■ **Directions for this task**
The answer must be an exact transcription of the lines below from the first through the one containing "Красивая девушка с", with the pictures left out; please add nothing else.

■ **Saved data entries**
□ □ □ □ □

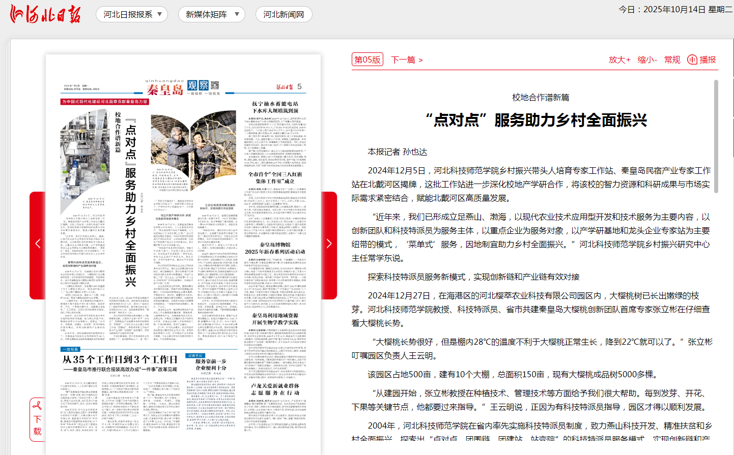 2025年1月6日,《河北日报》以“校地合作谱新篇‘点对点’服务助力乡村全面振兴“为题对Beat365校地合作助力乡村全面振兴情况进行了宣传报道。
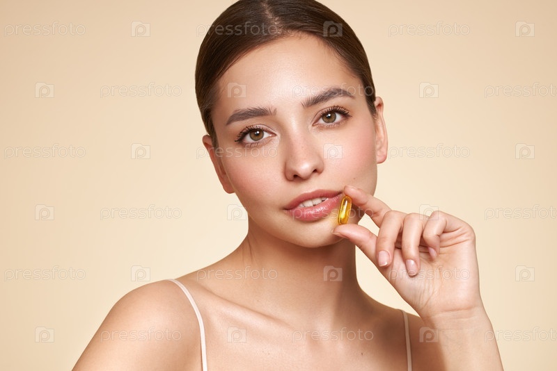 Красивая девушка с таблеткой с маслом печени трески Омега-3
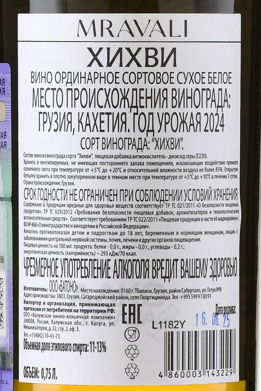 Белое сухое вино Мравали Хихви 0,75 л создают в Кахетии, где ягоды белого автохтона, ставшего основой для напитка, выращиваются на участках с аллювиально-глинистыми почвами и каменистыми вкраплениями. Виноград растёт на высотах около 350–500 метров над уровнем моря, в климате с жаркими солнечными днями и прохладными ночами. Урожай собирают вручную в период, когда сахар в плодах достигает 20–22%, а кислотность сохраняется на умеренном уровне. Ферментация проходит в стальных ёмкостях при контролируемой температуре 14–16 °C, что помогает сохранить ароматическую структуру и природную свежесть. Далее вино отдыхает также в стали и бутилируется.
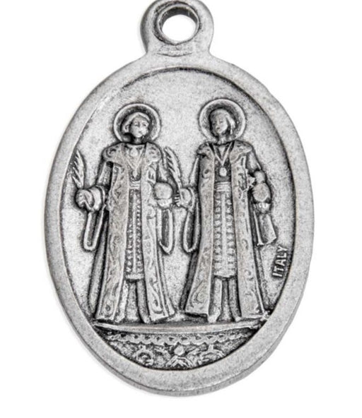 Oval Silver Oxidized Saint Cosmos and Saint Damian Medal. Size: 1" - 26mm Made in Italy.
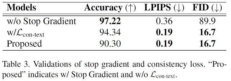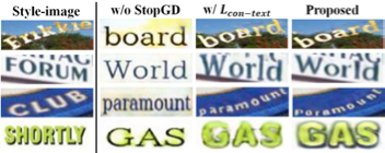 在设计选择的实验中,作者尝试了在训练风格编码器、生成器和鉴别器时不冻结文本内容编码器,即表格中的Stop Gradient一项,生成的图片几乎和目标文本图片一致。同时,作者还尝试加入了一致性损失函数进行训练,即将生成的图片用于识别器的训练。从指标上看,识别正确率要比原来的模型要好,但是作者通过可视化图片发现加入了一致性损失函数训练后,模型会破坏掉背景中其他文本的干扰。
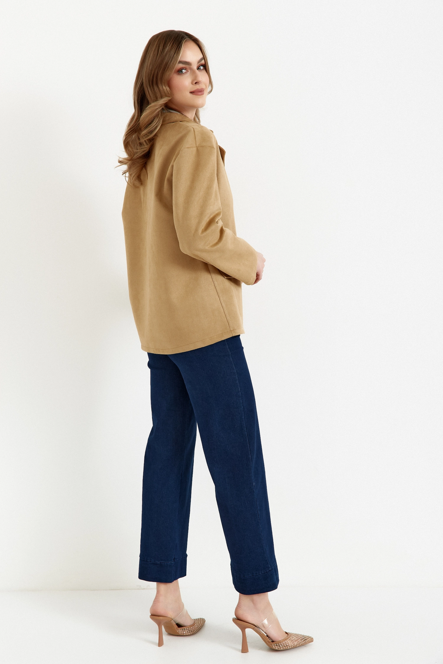 Dzięki raglanowym rękawom marynarka zapewnia komfort i swobodę ruchów, a brak podszewki sprawia, że jest lekka i idealna na różne okazje – od codziennych stylizacji po eleganckie wyjścia. Miękka, zamszowa tkanina dodaje jej luksusowego wyglądu, który nigdy nie wychodzi z mody.
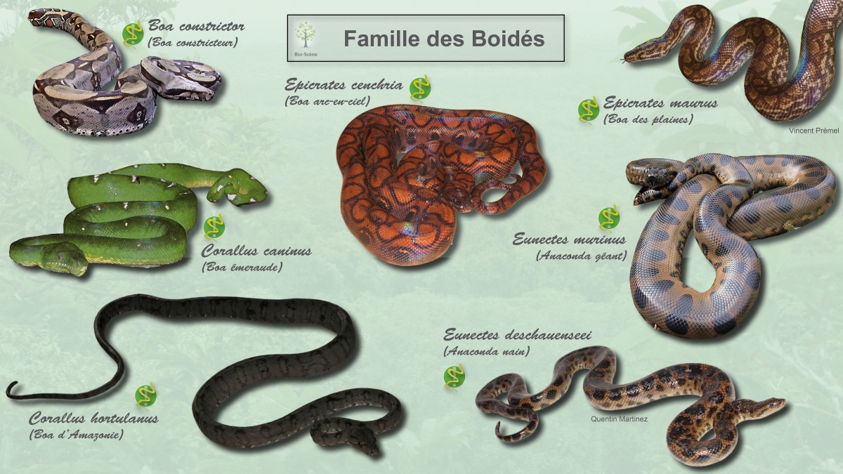 Les Boidés (Boidae) correspondent au groupe des Boas (terme générique plus ou moins ambigüe car il regroupe plusieurs genres, voire plusieurs familles réparties au niveau mondial).
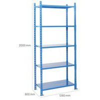 Sehr stabiles Regal mit einer hohen Tragkraft von bis zu 2,5 t. Einfach erweiterbar durch das Hinzufügen von einem oder mehreren Anbauelementen. Mit geschlossenen Fachböden, um das Herunterfallen von Gegenständen zu verhindern. Schweres Regal, einfach zu montieren und zu erweitern.
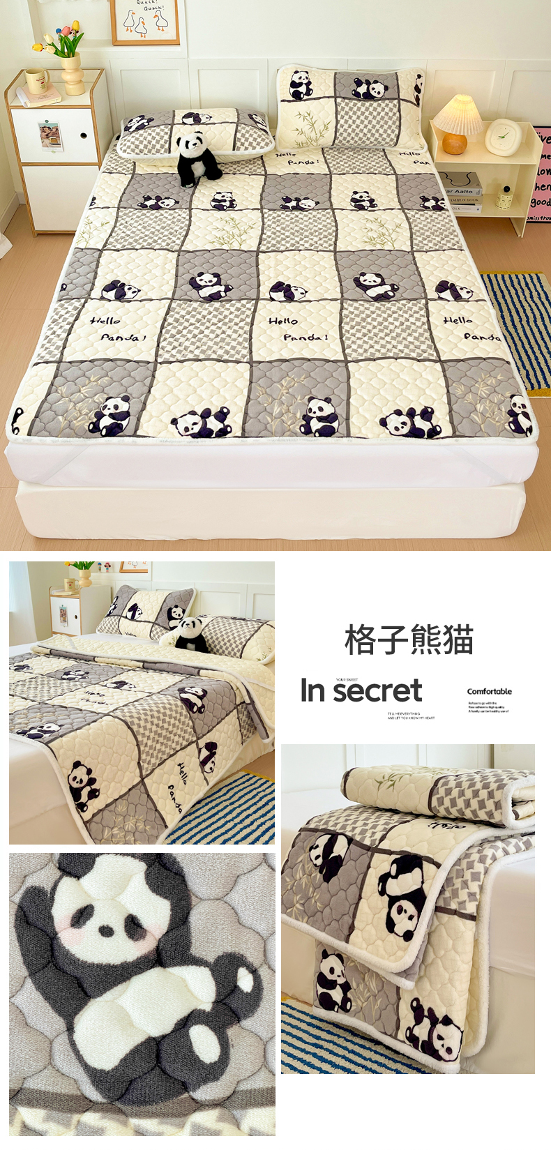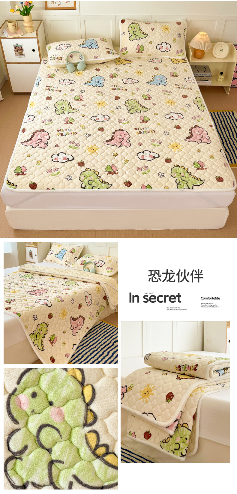 (总)富馨莱 2025新款牛奶绒夹棉床垫床盖支持一件定制,飞行太空,格子熊猫,孔雀蓝,恐龙伙伴,抹茶绿,七彩草莓,轻奢白,轻奢灰,小精灵,小柯基,樱桃兔,脏脏熊,组合图
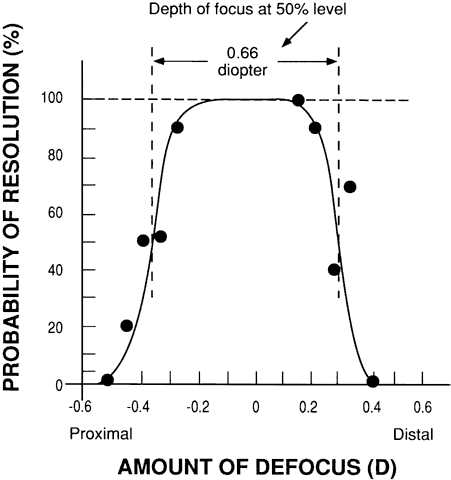 of focus. For average pupil sizes, a 20/25 (6/7.5) high-contrast target
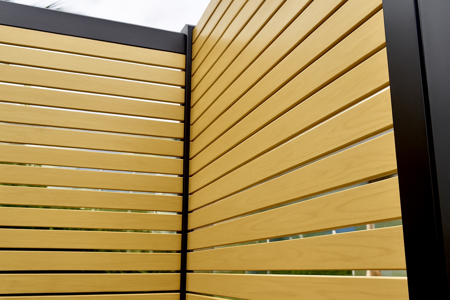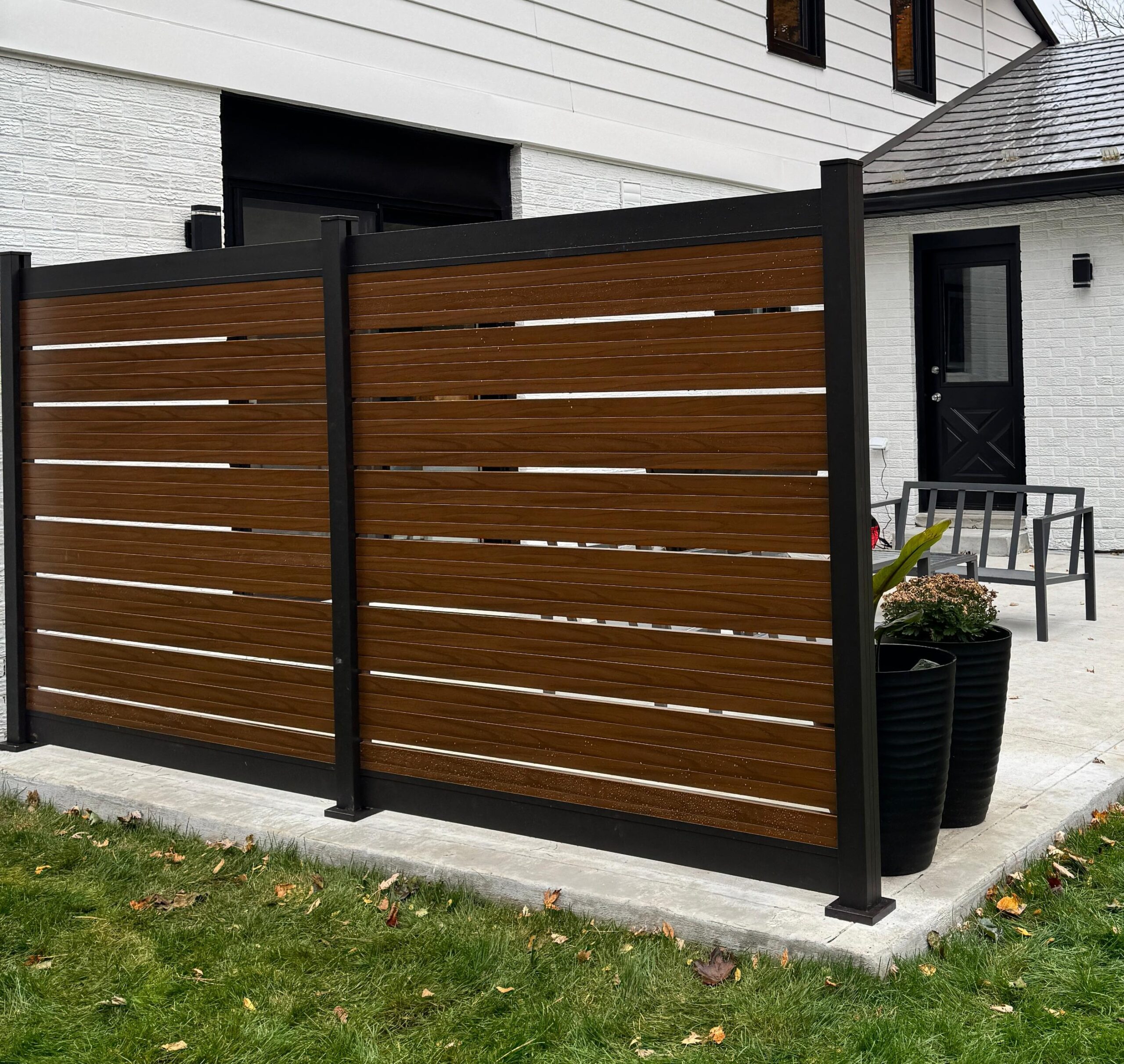 Now offering Color Woodgrain for our Aluminum Privacy Fence and Aluminum Semi-Private Fences as well. Still with horizontal slats that add privacy and a clean, contemporary look and style.
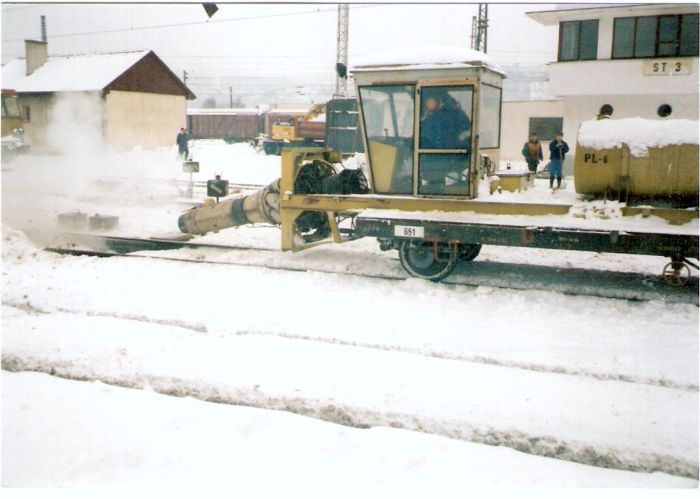 Trať. vozík s trysk. motorom vyfukuje sneh z výh. pri St. 3 na michaľ. zhlaví Košice os. st. Text: Sneh. kalamita na konci zimy 1998/99. Foto: F. Lorko (?), 1999. 126 x 88, COLOR

□ □ □ □ □

■ **Expected output**
 2025年1月6日,《河北日报》以“校地合作谱新篇‘点对点’服务助力乡村全面振兴“为题对Beat365校地合作助力乡村全面振兴情况进行了宣传报道。
 Красивая девушка с таблеткой с маслом печени трески Омега-3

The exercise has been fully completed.